Ketua Komite Nasional Perlindungan Anak, Arist Merdeka Sirait mengatakan, Indonesia darurat kekerasan terhadap anak, padahal anak harus dilindungi oleh siapapun, karena anak tidak bisa melindungi dirinya sendiri.

“Kasus kekerasan terhadap anak terus meningkat, termasuk kejahatan seksual,” katanya.

Hal itu ia sampaikan dalam seminar sehari bertajuk, gerakan memutus mata rantai kekerasan terhadap anak dan perempuan, yang digelar Pemerintah Kabupaten Labuhanbatu, Senin di Gedung Nasional Jalan Ahmad Yani Rantauprapat.

Data yang dikumpulkan dan dianalisis Pusat Data dan Informasi atau Pusdatin Komnas Anak mencatat 216.897 kasus pelanggaran hak anak yang dimonitor Komnas Anak dari berbagai lembaga peduli anak di 34 provinsi dan 279 kabupaten/kota.

Sebanyak 58 persen merupakan kasus kejahatan seksual.
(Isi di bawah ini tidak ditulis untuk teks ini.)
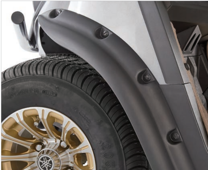
Drive² Fender Flare Kit

Sporty styling adds an aggressive, tough look and feel while adding an extra level of protection from mud and water. Fender flares are made from a durable, injection-molded polypropylene, UV-resistant material. Fits all Drive² models including 2017-2023 Drive² Concierge 4/6 models.

Selebihnya adalah kasus kekerasan fisik, penelantaran, penculikan, eksploitasi ekonomi, perdagangan anak (chlid trafficking) untuk tujuan eksploitasi seksual komersial serta kasus-kasus perebutan anak.

Kekerasan terhadap anak adalah segala bentuk perbuatan atau tindakan terhadap anak yang berakibat timbulnya kesengsaraan atau penderitaan secara fisik, seksual, psikis/mental/emosi dan penelantaran termasuk pemaksaan dan merendahkan martabat anak.

Dari data kejahatan seksual yang dilaporkan ke Komnas Anak, tahun 2013 sebanyak 2.046 kasus, 859 (42 persen) di antaranya kejahatan seksual. Tahun 2014, bertambah menjadi 2.426 kasus, 1.407 (58 persen) kejahatan seksual. Tahun 2015 menjadi 2.637 kasus, 1.634 (62 persen) kejahatan seksual.

Kemudian tahun 2016 menjadi 3.339 kasus, 2.070 (52 persen) kejahatan seksual, dan tahun 2017 sebanyak 3.726 kasus, 42 persen kejahatan seksual dan tahun 2018 hingga Juni ada 879 kasus, 51 persen kejahatan seksual, 237 kasus di antarnya pelakunya anak di bawah 14 tahun.

"Delapan puluh dua persen korban berasal dari keluarga ekonomi menengah ke bawah, dan dari 10 kejahatan seksual itu 6 incest (hubungan sedarah)," ungkap Arist.

Arist Merdeka Sirait menjabarkan, sekolah adalah zona aman dalam arti sebenarnya, jauh dari tindak perundangan/bulying atau dari tindak kekerasan apapun.

Komite sekolah yang merupakan perwakilan orangtua murid dan pihak sekolah harus difungsikan optimal, menangani permasalahan antara murid, juga antara murid dengan guru serta semua permasalahan yang berkaitan dengan proses belajar mengajar.

"Guru harus bertindak sebagai pengajar dan sekaligus pendidik yang mengedepankan metode dialogis dan partisipatif," ujarnya.

Dampak kekerasan terhadap anak, pada fisik mengakibatkan luka hingga meninggal dunia. Dampak pada psikis, mengakibatkan takut, cemas, sulit makan dan gangguan tidur dan lain-lain.

Perkembangan secara emosional terganggu, kognitif, moral, prestasi akademik rendah, tidak kreatif, tidak produktif. Gangguan perilaku: cemas, depresi, tidak percaya diri, merasa bersalah, agresif, psikopat dan menjadi calon pelaku kekerasan atau kriminal.